Personal information
- Born: January 6, 1994 (age 32) Washington, D.C., U.S.
- Listed height: 6 ft 3 in (1.91 m)
- Listed weight: 320 lb (145 kg)

Career information
- High school: Friendship Collegiate Academy (Washington, D.C.)
- College: Florida State (2012–2014)
- NFL draft: 2015: 2nd round, 39th overall pick

Career history
- Chicago Bears (2015–2021); Atlanta Falcons (2024); Washington Commanders (2025);

Awards and highlights
- PFWA All-Rookie Team (2015); BCS national champion (2013); First-team All-ACC (2014);

Career NFL statistics as of 2025
- Tackles: 217
- Sacks: 14
- Fumble recoveries: 2
- Pass deflections: 1
- Stats at Pro Football Reference

= Eddie Goldman =

American football player (born 1994)

Eddie Goldman (born January 6, 1994) is an American professional football defensive tackle. He played college football for the Florida State Seminoles and was selected by the Chicago Bears in the second round of the 2015 NFL draft. Goldman has also played for the Atlanta Falcons and Washington Commanders.

==Early life==
A native of Washington, D.C., he attended Friendship Collegiate Academy Public Charter School, where he played football with Yannick Ngakoue and Teez Tabor, and basketball. In football, he was an All-American defensive lineman. Considered a five-star recruit by ESPN and Rivals.com, Goldman was listed as the second best defensive tackle in his class, behind only Mario Edwards Jr., who later on attended Florida State with Goldman.

==College career==
Goldman attended Florida State University from 2012 to 2014. During his career, he had 262 tackles and six sacks.
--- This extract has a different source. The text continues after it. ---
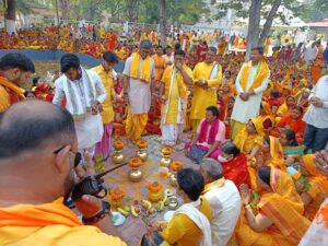 कलश यात्रा के सबसे आगे टैंकर के द्वारा पूरे रास्ते स्वच्छ एवं निर्मल जल का छिड़काव किया गया। कलश यात्रा में परमश्रद्धेय गुरुदेव श्री श्री 108 जय मंगला बाबा, यज्ञाचार्य लाल मोहन शास्त्री, जमशेदपुर पश्चिम के विधायक सरयू राय, जम्मू वाले बाबा, आयोजन समिति के मुख्य संयोजक अनिल ठाकुर, समाजसेवी शिवशंकर सिंह, भाजपा नेता रामबाबू तिवारी समेत स्थानीय निवासी मुख्यरूप से शामिल हुए। कलश यात्रा में श्रद्धालुओं का उत्साह देखते ही बन रहा था। इससे पहले, बिरला में मंदिर में एकत्रीकरण के पश्चात कलश में पवित्र सुल्तानगंज के उत्तरवाहिनी गंगाजल भरा गया, जहां पुरोहितों द्वारा वैदिक मंत्रोच्चार से संकल्प के पश्चात कलश न्यू केबुल टाउन पहुँची। आयोजन स्थल पर बने पंच कुंडीय यज्ञशाला के चारों ओर कलशों को स्थापित किया गया। श्रद्धालुओं ने यज्ञशाला के चारों ओर परिक्रमा भी की। कलश स्थापना के पश्चात पंडित लाल मोहन शास्त्री के नेतृत्व में बनारस से आए 21 सदस्यीय आचार्यों ने यज्ञशाला में बेदी निर्माण सम्पन्न किया। शुक्रवार को पंचांग पूजन, मंडप प्रवेश एवं अरणी मंथन के माध्यम से अग्निदेव का आह्वान किया जाएगा। इसके बाद प्रतिदिन सुबह 9 बजे से दोपहर 12 बजे तक पूजन और दोपहर 2 बजे से शाम 5 बजे तक हवन का कार्यक्रम आयोजित होगा। वहीं, कलश यात्रा के उपरांत सभी श्रद्धालुओं के बीच प्रसाद का वितरण किया गया।

After his junior season, Goldman decided to forgo his senior year and enter the 2015 NFL draft

==Professional career==

Pre-draft measurables
| Height | Weight | Arm length | Hand span | 40-yard dash | 10-yard split | 20-yard split | 20-yard shuttle | Three-cone drill | Vertical jump | Bench press |
| 6 ft 3+7⁄8 in (1.93 m) | 336 lb (152 kg) | 33+1⁄8 in (0.84 m) | 10+1⁄8 in (0.26 m) | 5.28 s | 1.89 s | 3.03 s | 4.82 s | 7.62 s | 24+1⁄2 in (0.62 m) | 19 reps |
All values from NFL Combine

===Chicago Bears===
Goldman was drafted 39th overall by the Chicago Bears in the 2015 NFL Draft. In his rookie year, he played fifteen games, recording 39 tackles and six tackles for a loss, while being ranked fourth among rookies with 4.5 sacks. For his season, he was named to Mel Kiper Jr.'s All-Rookie Team and the Pro Football Writers of America's All-Rookie Team.

Goldman played in six games with five starts in 2016. He suffered a high ankle sprain in Week 2 and missed the next six games. He returned in Week 10 but was bothered by the ankle injury and was placed on injured reserve on December 23, 2016.

Goldman played in 15 games with 14 starts in the 2017 season. He recorded 1.5 sacks, 44 combined tackles, five quarterback hits, and one fumble recovery.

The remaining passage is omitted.